START Records for the task

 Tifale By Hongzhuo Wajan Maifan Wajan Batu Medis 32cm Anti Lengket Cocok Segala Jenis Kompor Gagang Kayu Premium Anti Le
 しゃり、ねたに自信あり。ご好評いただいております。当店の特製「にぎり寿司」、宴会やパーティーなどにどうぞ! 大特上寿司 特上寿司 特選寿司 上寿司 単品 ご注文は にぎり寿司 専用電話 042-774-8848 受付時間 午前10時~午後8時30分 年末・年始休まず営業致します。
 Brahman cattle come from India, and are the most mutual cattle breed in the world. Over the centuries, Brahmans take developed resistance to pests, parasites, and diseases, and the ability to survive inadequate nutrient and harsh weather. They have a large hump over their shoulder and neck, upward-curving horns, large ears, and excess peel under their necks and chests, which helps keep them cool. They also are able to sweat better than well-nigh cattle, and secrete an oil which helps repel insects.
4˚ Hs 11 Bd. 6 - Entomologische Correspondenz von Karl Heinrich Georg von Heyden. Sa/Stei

END Records for the task
START Records for the task

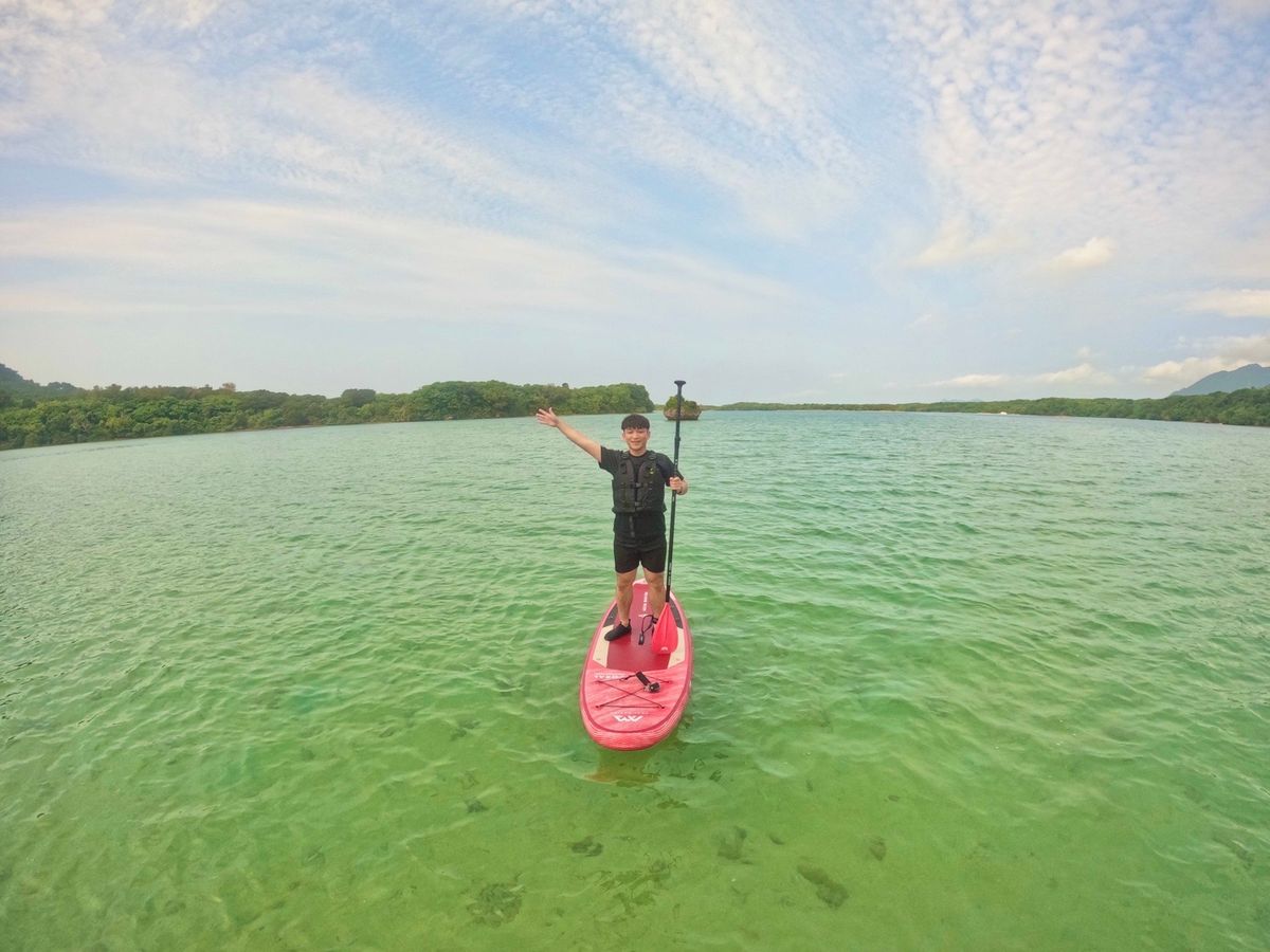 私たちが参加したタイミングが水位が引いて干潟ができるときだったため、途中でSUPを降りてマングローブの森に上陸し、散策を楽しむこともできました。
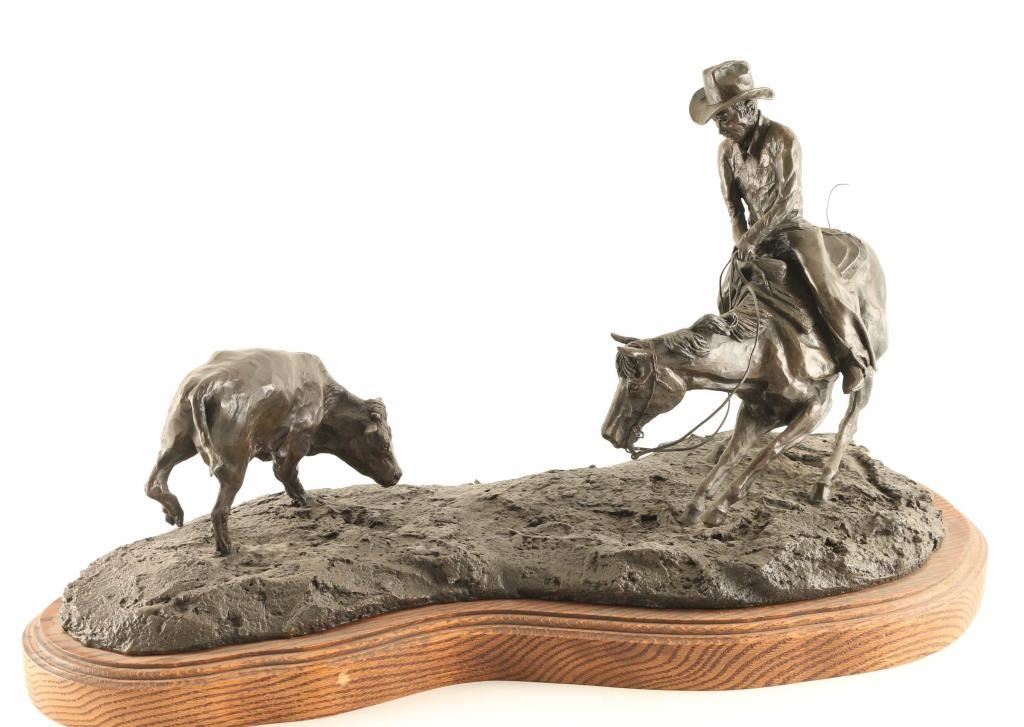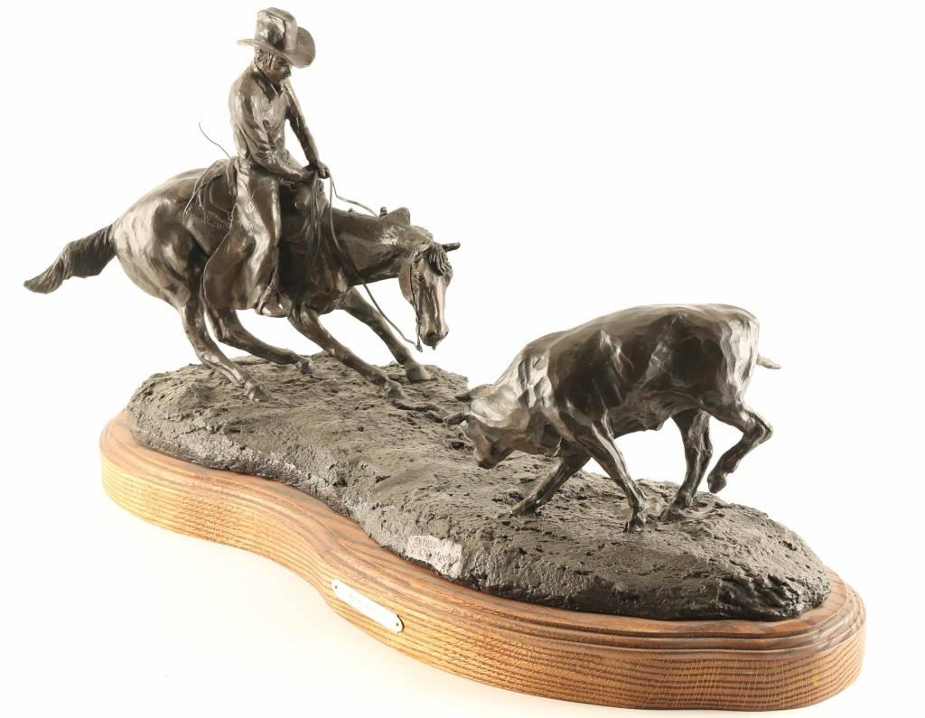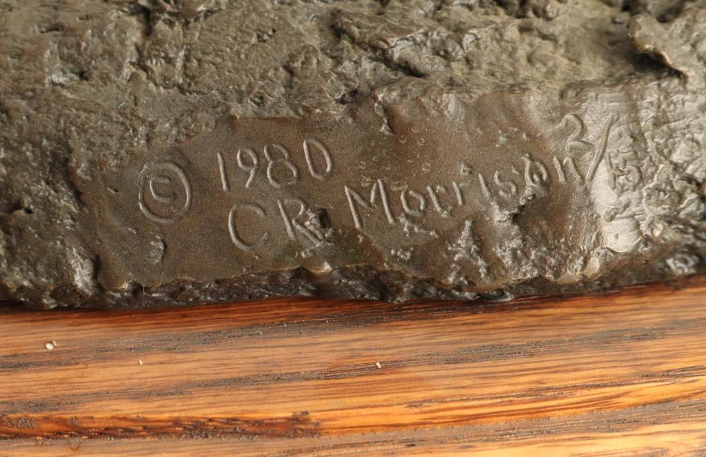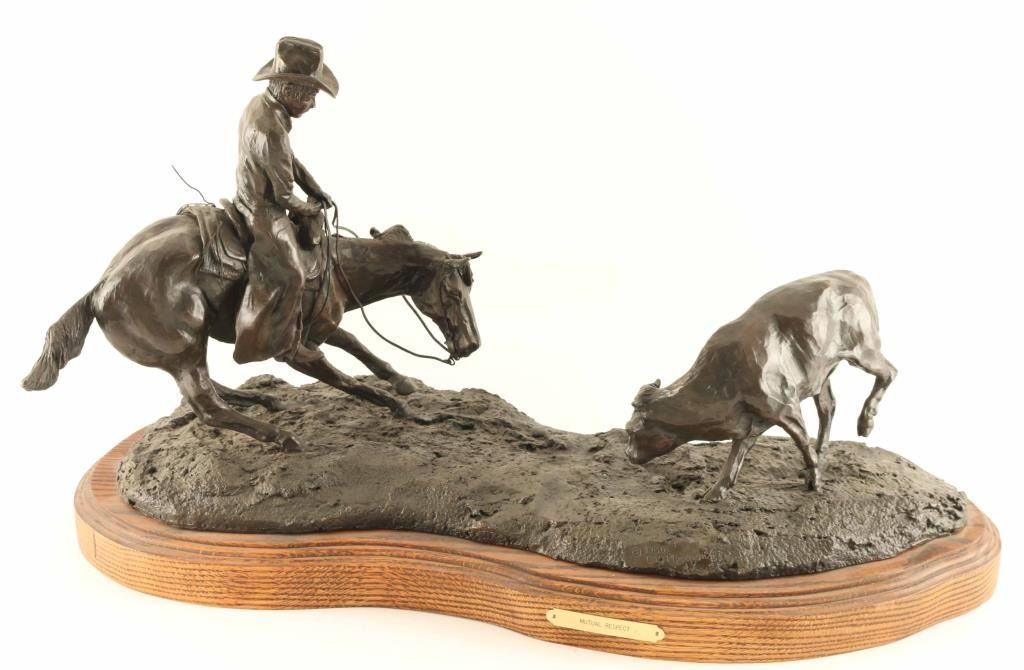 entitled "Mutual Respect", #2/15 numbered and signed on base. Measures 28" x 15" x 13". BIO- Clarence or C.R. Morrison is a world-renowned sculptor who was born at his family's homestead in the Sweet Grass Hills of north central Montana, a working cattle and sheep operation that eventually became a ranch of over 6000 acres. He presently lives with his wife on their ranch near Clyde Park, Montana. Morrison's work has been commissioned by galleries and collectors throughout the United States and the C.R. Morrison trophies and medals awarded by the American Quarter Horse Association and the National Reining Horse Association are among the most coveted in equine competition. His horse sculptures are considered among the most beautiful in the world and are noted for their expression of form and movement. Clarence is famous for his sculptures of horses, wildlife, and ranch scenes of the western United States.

END Records for the task

Work request. Of the lines above, extract only those from the line with "Tifale By Hongzhuo" to the line with "しゃり、ねたに自信あり。ご好評いただいております。当店の特製「にぎり寿司」、宴会やパーティーなどにどうぞ! 大特上寿司 特上寿司", both included, exactly as written.

Task answer.
 Tifale By Hongzhuo Wajan Maifan Wajan Batu Medis 32cm Anti Lengket Cocok Segala Jenis Kompor Gagang Kayu Premium Anti Le
 しゃり、ねたに自信あり。ご好評いただいております。当店の特製「にぎり寿司」、宴会やパーティーなどにどうぞ! 大特上寿司 特上寿司 特選寿司 上寿司 単品 ご注文は にぎり寿司 専用電話 042-774-8848 受付時間 午前10時~午後8時30分 年末・年始休まず営業致します。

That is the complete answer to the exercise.